When Ethel and I became involved in the Zuni Mountain poets, driving from our home in Continental Divide, NM nearly an hour and a half most Sundays, poetry group was already a strongly going concern. Held at Inscription Rock Trading Post and Coffee Company’s outdoor patio in the summer and its loft in winter, the group was already writing poetry that rivaled anything being written by the Wisconsin Fellowship of Poets, a major arts organization that Ethel and I had attended off and on for years. There was a little controversy, in a very minor key, surrounding the Zuni Mountain poets, but Jack Carter North, the unofficial head of the group, allows almost no negative comments about a poet’s work shared during meetings, and the result is astounding. Over the years young and poor poets have joined the group, but over time all of them have improved their work, if they kept coming to the meetings over time, without hearing a negative word during their patio or loft visits. I would be willing to claim that several of the poets writing, including Ethel, have a poetic genius.

My conclusion after seeing these three movements and reading about renaissance after renaissance that has occurred around the world, and visiting places like Taos, New Mexico where the renaissance that included artists like Georgia O’Keefe and the writer D.H. Lawrence, among dozens of others, happened is that renaissance occurs when one, or sometimes two or three, extraordinary presences, an artist or non-artist, creates a spark, often, but not always, with intent. That spark excites others and a renaissance starts building, each artist competing and harmonizing with others, the group building genius out of the desire in individuals to be noticed and to mean something in the world. The spark can have all positive aspects, such as in the Zuni Mountain poets example, or may grow out of competition, or may even grow from one artist trying to get the better of other artists, but the result is the same, creativity becomes a fire, and that fire can change the world.

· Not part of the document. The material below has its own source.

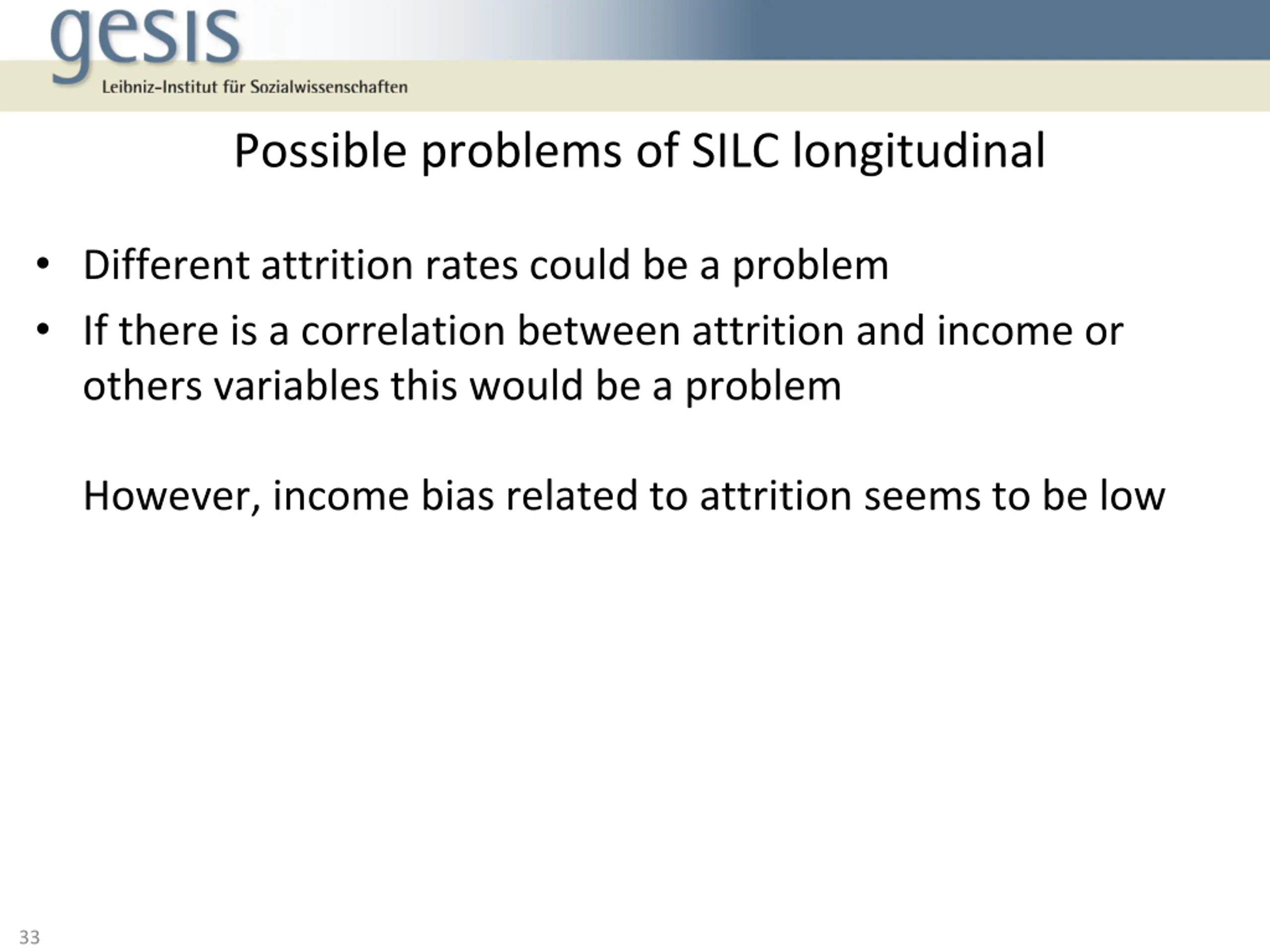 Possible problems of SILC longitudinal Different attrition rates could be a problem If there is a correlation between attrition and income or others variables this would be a problem However, income bias related to attrition seems to be low 33
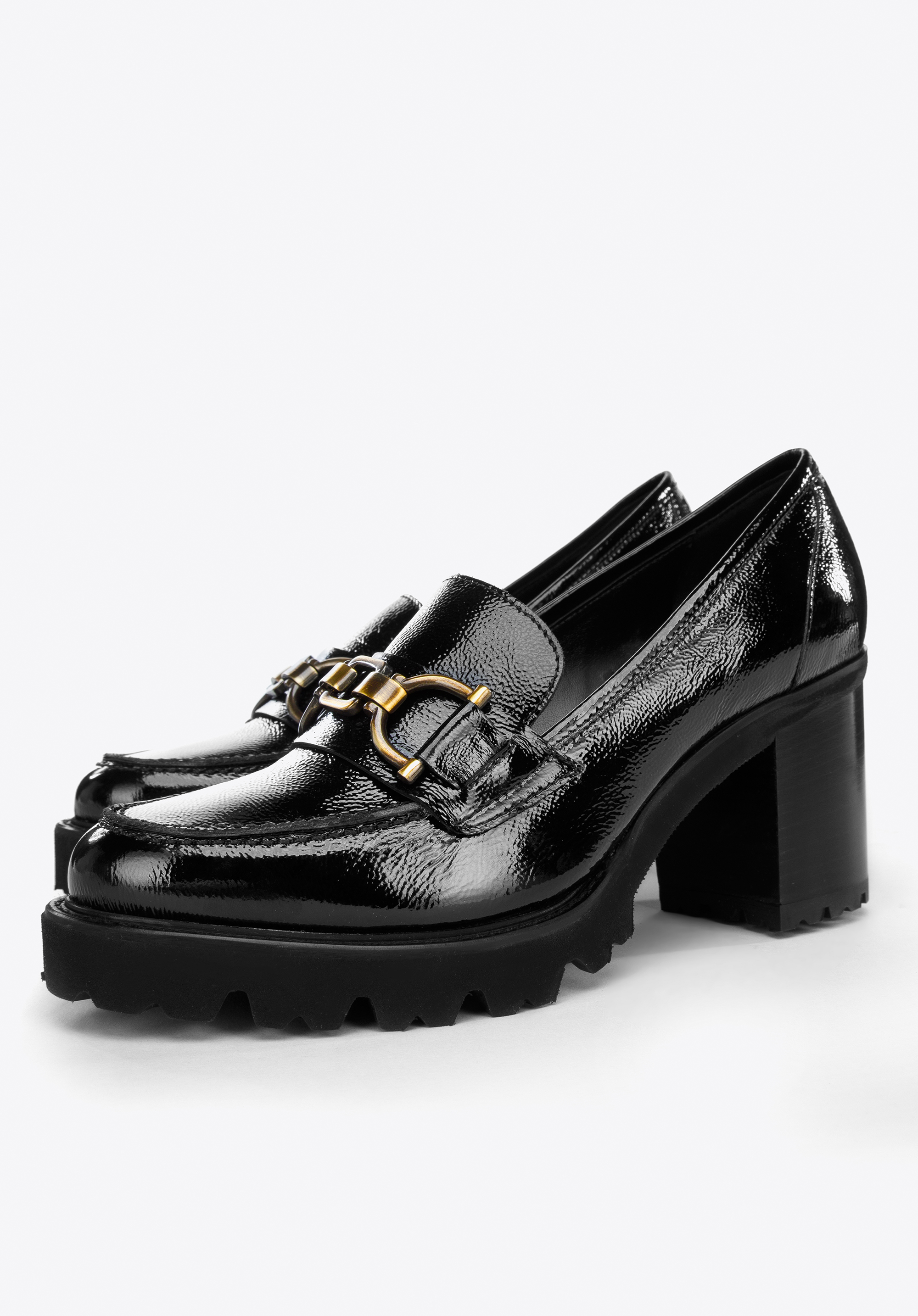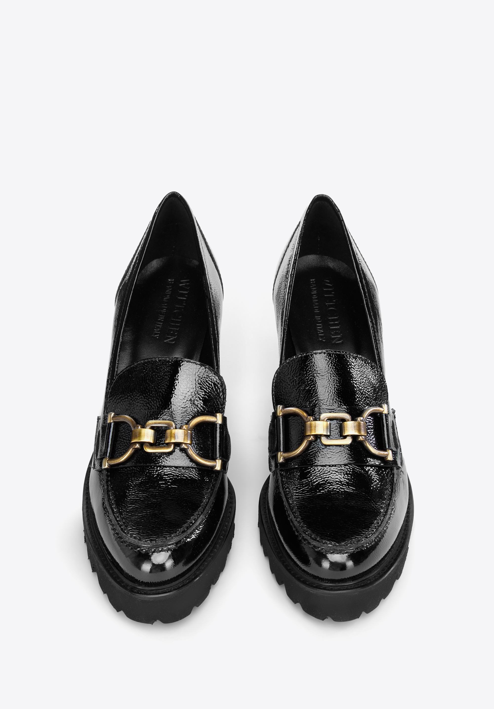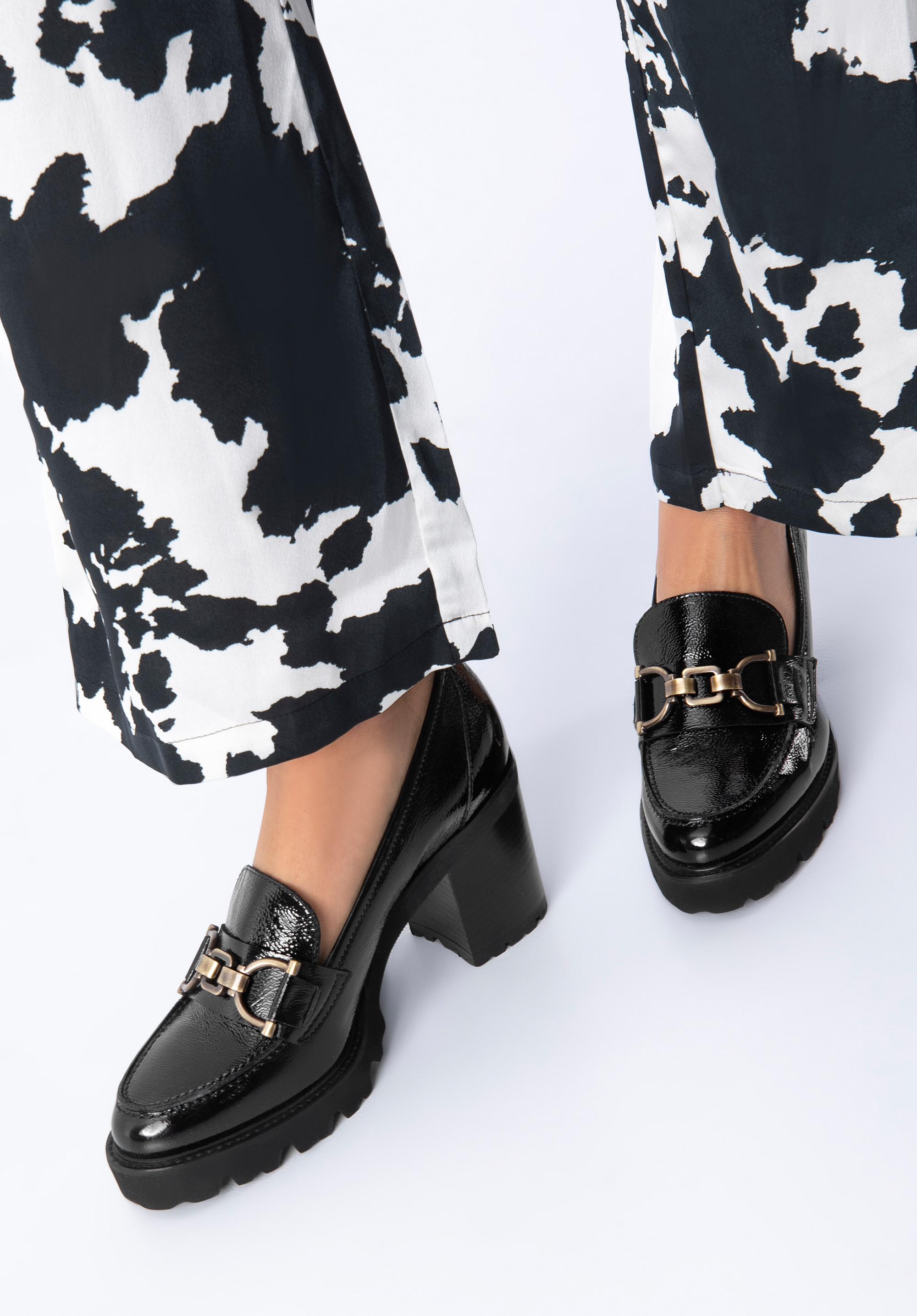 Do šatníku každé ženy patří elegantní a pohodlné boty na vysokém podpatku. Tento model je vyroben z vysoce kvalitní lakované kůže. Zdobí je spona z broušeného kovu. Silný, tvarovaný podpatek je doplněn platformou, která zajišťuje dobrou přilnavost a pohodlnou chůzi po mnoho hodin. Lakované boty se sponou doplní elegantní dámský oblek a dodají eleganci každému obleku.

The trick seems to be, whether in a classroom, a community needing economic development, or in a group of poets or artists, to get the original spark going in one or more individuals, then to build the collaboration/competition by providing an environment where conversation, attention, venture capital, and/or dreams of glory can be obtained. Creative fires start small, then build, irregardless of how rural or small or big a community is, until its light outshines the environs where they were born.